Seventy-six per cent of victims were male and, in the 15-24 age group, the number of serious assaults had risen markedly between 2004 and 2009, he said.

Bodily force was the most common method of injury, reported in nearly half the cases, followed by use of a blunt object. The third most prominent cause of serious injury was a sharp object or knife.

Head injury accounted for 72.6 per cent of all serious non-fatal injuries.

Maori accounted for 48 per cent of female serious assaults and 32 per cent of males.

Pacific Island people had a rate only slightly lower than for Maori males.

Excessive alcohol consumption was a common factor in the assault incidents, which frequently featured young to middle-age males beating up similarly aged males, Langley said.

''One of the key messages from the paper is 80 per cent of the problem is males. Most of those males are being assaulted by other males, and guess what the fuel is?
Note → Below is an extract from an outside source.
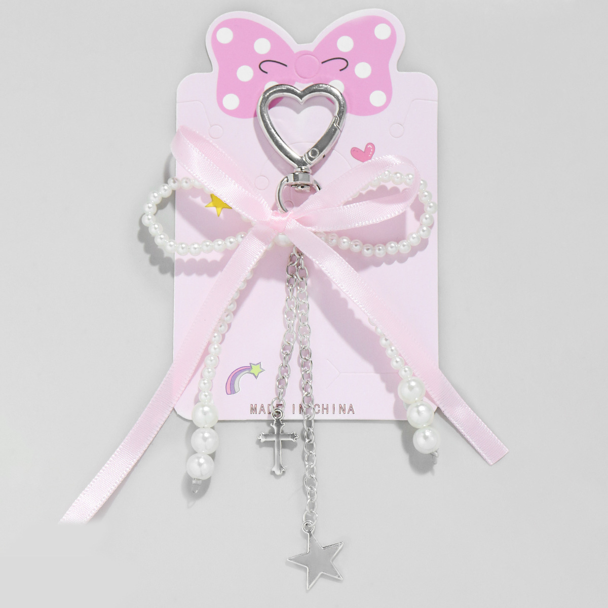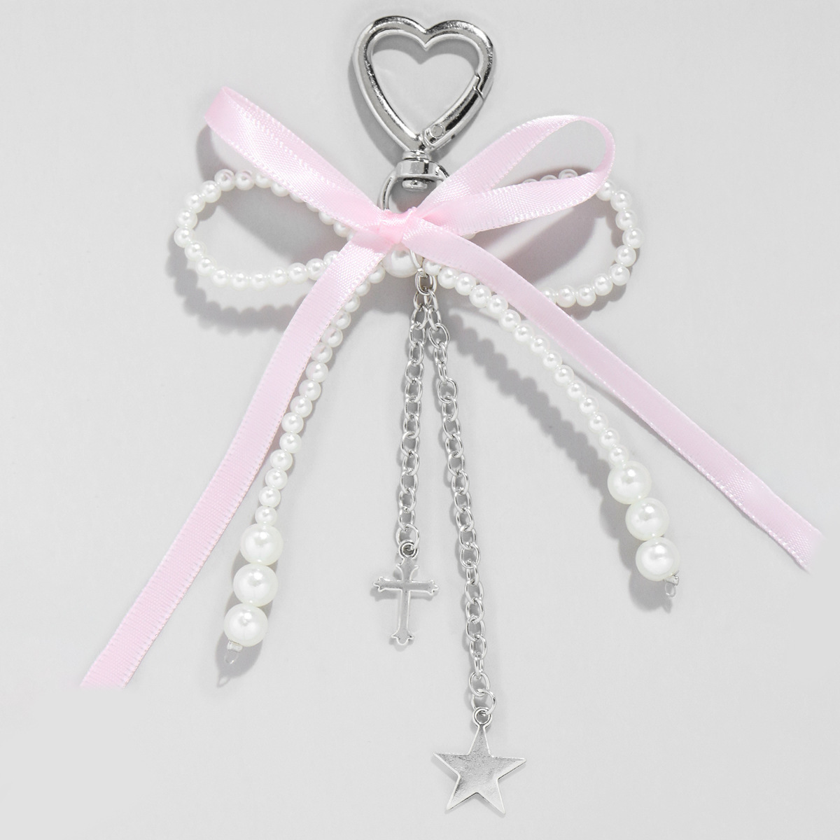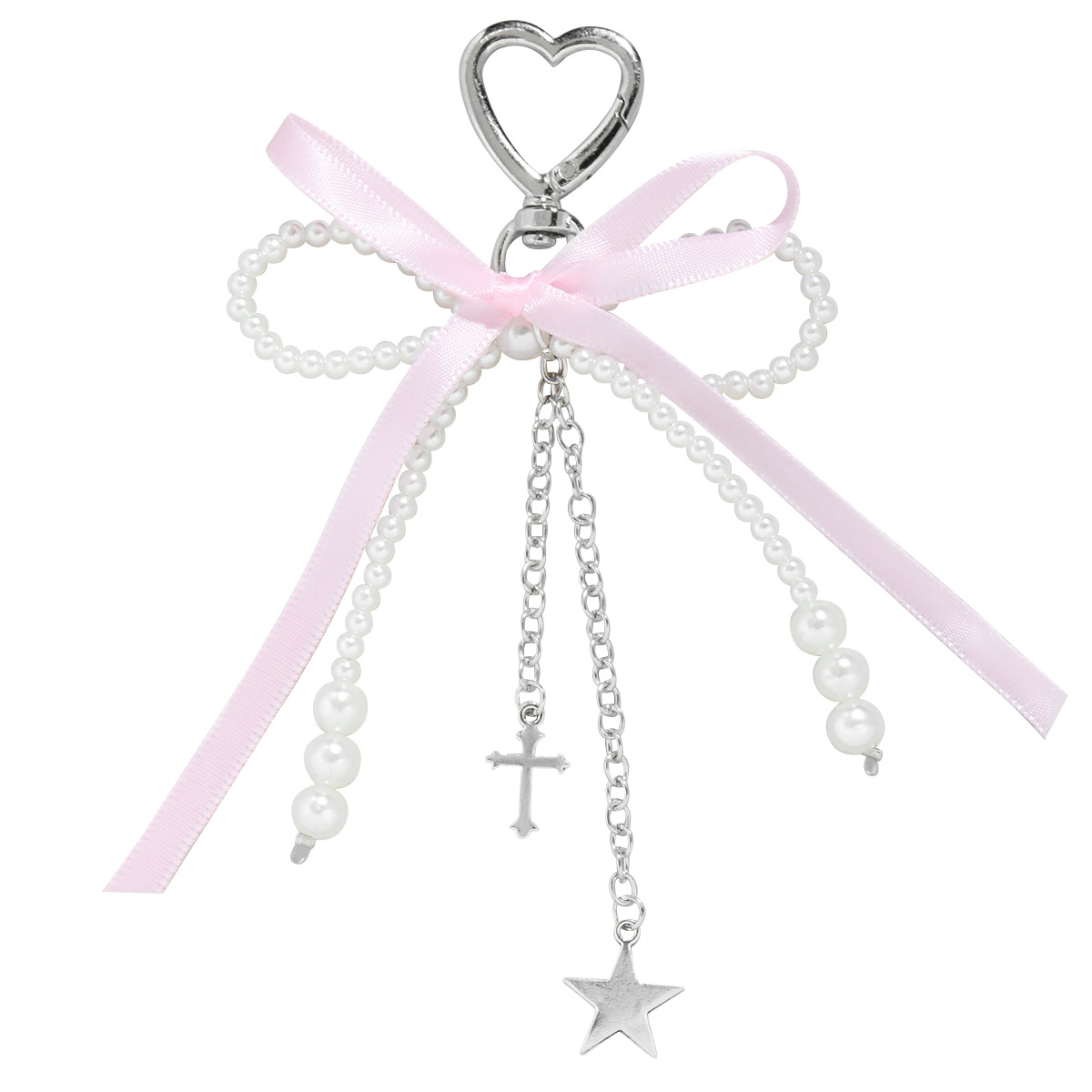 pink ribbon imitation pearl bow heart keychain 1

It's alcohol.''

He said the Government needed to make alcohol harder to buy, and its lack of action was ''inexcusable''.

''The one thing they [the Government] could do right now is put greater control on alcohol availability.''

He said that while ''we've missed out on taking the purchasing age back up to 20'', higher taxation and stricter marketing rules would help reduce alcohol-related assaults.

''The one thing that struck me [from the study] is the increase in brawling with fists or solid objects,'' he said.

''What's going up is the brawling ... I think that's just associated with the alcohol.''

For the 2011-12 year, police reported 10,340 serious assaults resulting in injury. Their reporting criteria are different from that of Langley.